2008 Fiscal Year Annual Research Report
城下町の景観の動態的変容に関する歴史地理学的研究-デジタルコンテンツ化を通して-
Project/Area Number |
18682004
|
Research Institution | Shimane University |
Principal Investigator |
舩杉 力修 Shimane University, 法文学部, 准教授 (30314610)
|
Keywords | 城下町 / 景観 / 絵図 / 景観復原 / 社会的属性 / 家族経営 / 女性 / 借家 |
Research Abstract |
本年度は(1)絵図に記載される文字のうち、貼紙の部分の文字を解読した。原図の作成年代は、安永9年(1780)前後、貼紙の年代は天保12年(1841)前後であるので、60年の開きがあることとなるが、ほとんどの町において、居住者の変動がみられることが分かった。変動がみられなかったのは、松江大橋の近くの白潟本町の森脇甚右衛門、佐藤喜八郎など松江藩と関係をもっていた商人であった。彼らは松江藩で産物とされた生蝋やたたら製鉄にかかわる商人であった。居住者に大きな変動がみられるのが松江城下町の特徴であるとみられる。(2)絵図に記載される居住者の社会的属性を検討したところ、原図、貼紙とも、女性がみられることが注目される。なかには、屋敷の所有者にも女性がみられ、後家ではなく、また夫婦で屋敷を所有している例もみられた。さらへには娘や孫娘までが屋敷所有している事例もみられた。これは家族経営のなかで、女性が屋敷所有の権利を有していたことを指すものとみられ、江戸時代の城下町において、商家経営だけでなく、屋敷経営が重要な経営であり、その担い手に女性がみられたことは注目される。(3)また屋敷所有者だけでなく、借家居住者にも女性がみられたことが注目される。これは史料の記載から後家ではなく、女性単独の世帯であると考えられる。
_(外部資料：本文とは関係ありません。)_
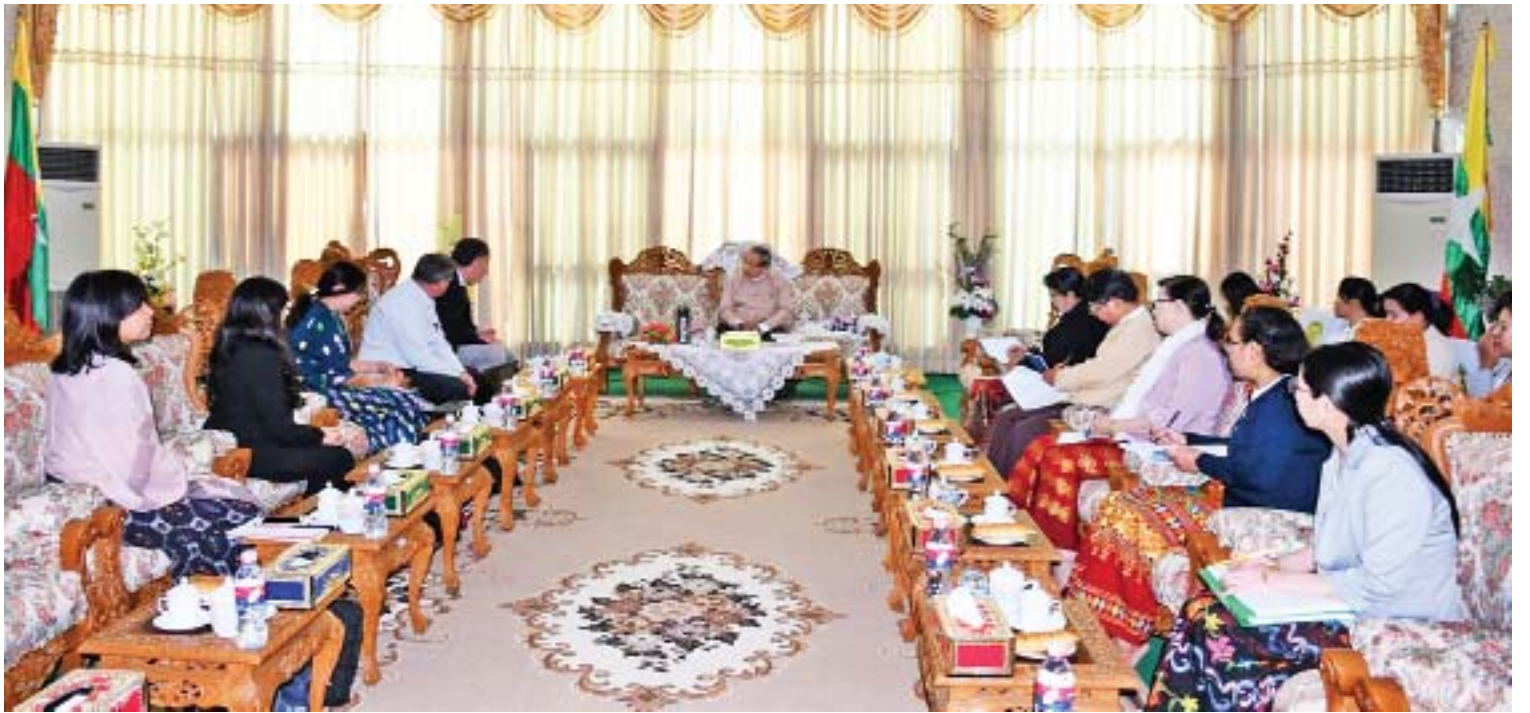
ပြည်ထောင်စုစာရင်းစစ်ချုပ် ဦးမော်သန်း ကမ္ဘာ့ဘဏ်ကိုယ်စားလှယ်အဖွဲ့အား လက်ခံတွေ့ဆုံစဉ်။

ဖြေ။ ။ ပြည်ထောင်စု စာရင်းစစ်ချုပ်ရုံးနဲ့ နော်ဝေနိုင်ငံ စာရင်းစစ်ချုပ်ရုံးတို့ အကြား ပူးပေါင်းဆောင်ရွက်မှု သဘောတူညီ ချက် နားလည်မှုစာချုပ်သဘာဝ (MoU) လက်မှတ် ရေးထိုးထားသကဲ့သို့ အာရှဖွံ့ဖြိုးရေး ဘဏ် (ADB)၊ ကမ္ဘာ့ဘဏ် (World Bank)၊ ဂျာမန်အပြည်ပြည်ဆိုင်ရာ ပူးပေါင်း ဆောင်ရွက်မှုအဖွဲ့ (GIZ)၊ ဥရောပသမဂ္ဂ (EU) တို့နှင့် တွေ့ဆုံဆွေးနွေးမှုအရ နိုင်ငံ တကာစာရင်းစစ်ချုပ်ရုံးတွေ လိုက်နာရမယ့် စံတွေ (ISSAI) အခြေပြုဘဏ္ဍာရေး စာရင်း စစ်ဆေးခြင်း၊ လုပ်ငန်းဆောင်ရွက်မှုစစ်ဆေး ခြင်း၊ လိုက်နာမှုစစ်ဆေးခြင်းဆိုင်ရာ လမ်းညွှန် တွေ ထုတ်ပြန်နိုင်ရေး၊ IT Audit ဆောင်ရွက် နိုင်ရေးတို့အတွက် အလုပ်ရုံဆွေးနွေးပွဲတွေ ကျင်းပခြင်း၊ Performance Audit လက်တွေ့စမ်းသပ်စစ်ဆေးခြင်း (Pilot Audit) တွေအတွက် Pre Planning ကြိုတင်ပြင်ဆင်ခြင်း၊ Financial Audit

またこうした女性が多く住む町は寺町の借家に多くみられ、町によっても性格が異なっていたことが想定される。借家に住むこうした女性居住者がどのような生業を営み、城下町を支えていたのか、今後史料を発掘しながら考察を続けていきたい。(4)城下町の景観の形成過程を検討するため、延宝4年(1676)の「白潟火事図面」を全文解読した。その結果、白潟本町の森脇甚右衛門、伊予屋庄兵衛を除けば、江戸後期にみられる商人はいなかった。江戸中期・後期の間でも城下町のなかでは、社会的変動が激しかったことがうかがえる。さらに表通りにも裏通りにも借家がみられた。特に、裏通りにあたる寺町筋には裏借家が多数見られた。裏通りに借家が構成される社会的構造は、すでに17世紀中期にはみられたことが注目される。